Saved data entries:
*** Block opens ***

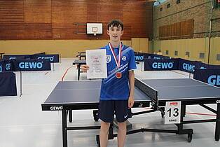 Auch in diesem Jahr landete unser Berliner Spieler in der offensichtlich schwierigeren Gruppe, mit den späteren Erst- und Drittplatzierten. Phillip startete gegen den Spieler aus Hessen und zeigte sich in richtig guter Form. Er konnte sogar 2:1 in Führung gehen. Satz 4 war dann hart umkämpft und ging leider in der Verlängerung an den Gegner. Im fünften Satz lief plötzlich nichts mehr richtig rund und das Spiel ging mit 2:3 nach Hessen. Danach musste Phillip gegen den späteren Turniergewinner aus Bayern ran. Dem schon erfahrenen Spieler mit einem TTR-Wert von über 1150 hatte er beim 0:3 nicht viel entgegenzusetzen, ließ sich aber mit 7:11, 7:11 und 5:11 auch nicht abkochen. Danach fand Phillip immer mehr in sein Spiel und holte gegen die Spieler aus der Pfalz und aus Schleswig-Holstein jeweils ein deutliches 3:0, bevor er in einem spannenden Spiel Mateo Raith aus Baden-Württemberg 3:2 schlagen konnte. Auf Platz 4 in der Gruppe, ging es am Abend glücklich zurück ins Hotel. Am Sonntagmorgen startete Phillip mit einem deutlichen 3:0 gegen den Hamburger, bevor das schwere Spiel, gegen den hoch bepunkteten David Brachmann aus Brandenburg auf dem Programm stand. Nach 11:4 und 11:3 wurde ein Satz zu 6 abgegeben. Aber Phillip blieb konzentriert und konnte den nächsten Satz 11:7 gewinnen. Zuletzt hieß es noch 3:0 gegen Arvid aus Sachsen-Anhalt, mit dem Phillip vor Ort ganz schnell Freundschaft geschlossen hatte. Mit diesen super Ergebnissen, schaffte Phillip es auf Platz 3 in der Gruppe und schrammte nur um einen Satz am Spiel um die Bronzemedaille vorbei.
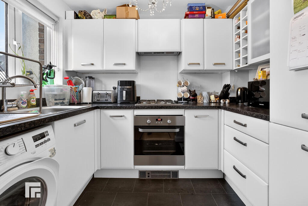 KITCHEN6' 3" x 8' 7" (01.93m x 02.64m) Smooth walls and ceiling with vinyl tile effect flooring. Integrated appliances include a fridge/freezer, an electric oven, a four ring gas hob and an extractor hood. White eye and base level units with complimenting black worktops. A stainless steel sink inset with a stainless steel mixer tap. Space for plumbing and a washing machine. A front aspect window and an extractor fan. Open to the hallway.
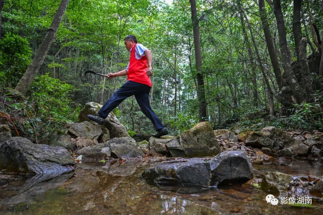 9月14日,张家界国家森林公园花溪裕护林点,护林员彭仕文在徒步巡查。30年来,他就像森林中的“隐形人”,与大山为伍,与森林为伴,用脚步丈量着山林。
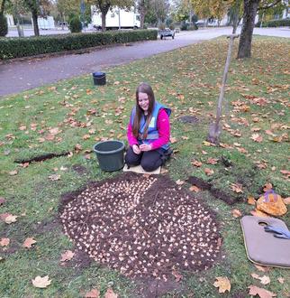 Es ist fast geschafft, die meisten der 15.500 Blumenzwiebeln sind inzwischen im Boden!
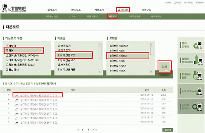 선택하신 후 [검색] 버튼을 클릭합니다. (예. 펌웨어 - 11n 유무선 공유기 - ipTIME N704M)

*** Block closes ***

Your assignment: Please reproduce, word for word, only the lines from the line that holds "to the hallway." through the final line of the entries above, omitting any pictures.

Response for this exercise:
 KITCHEN6' 3" x 8' 7" (01.93m x 02.64m) Smooth walls and ceiling with vinyl tile effect flooring. Integrated appliances include a fridge/freezer, an electric oven, a four ring gas hob and an extractor hood. White eye and base level units with complimenting black worktops. A stainless steel sink inset with a stainless steel mixer tap. Space for plumbing and a washing machine. A front aspect window and an extractor fan. Open to the hallway.
 9月14日,张家界国家森林公园花溪裕护林点,护林员彭仕文在徒步巡查。30年来,他就像森林中的“隐形人”,与大山为伍,与森林为伴,用脚步丈量着山林。
 Es ist fast geschafft, die meisten der 15.500 Blumenzwiebeln sind inzwischen im Boden!
 선택하신 후 [검색] 버튼을 클릭합니다. (예. 펌웨어 - 11n 유무선 공유기 - ipTIME N704M)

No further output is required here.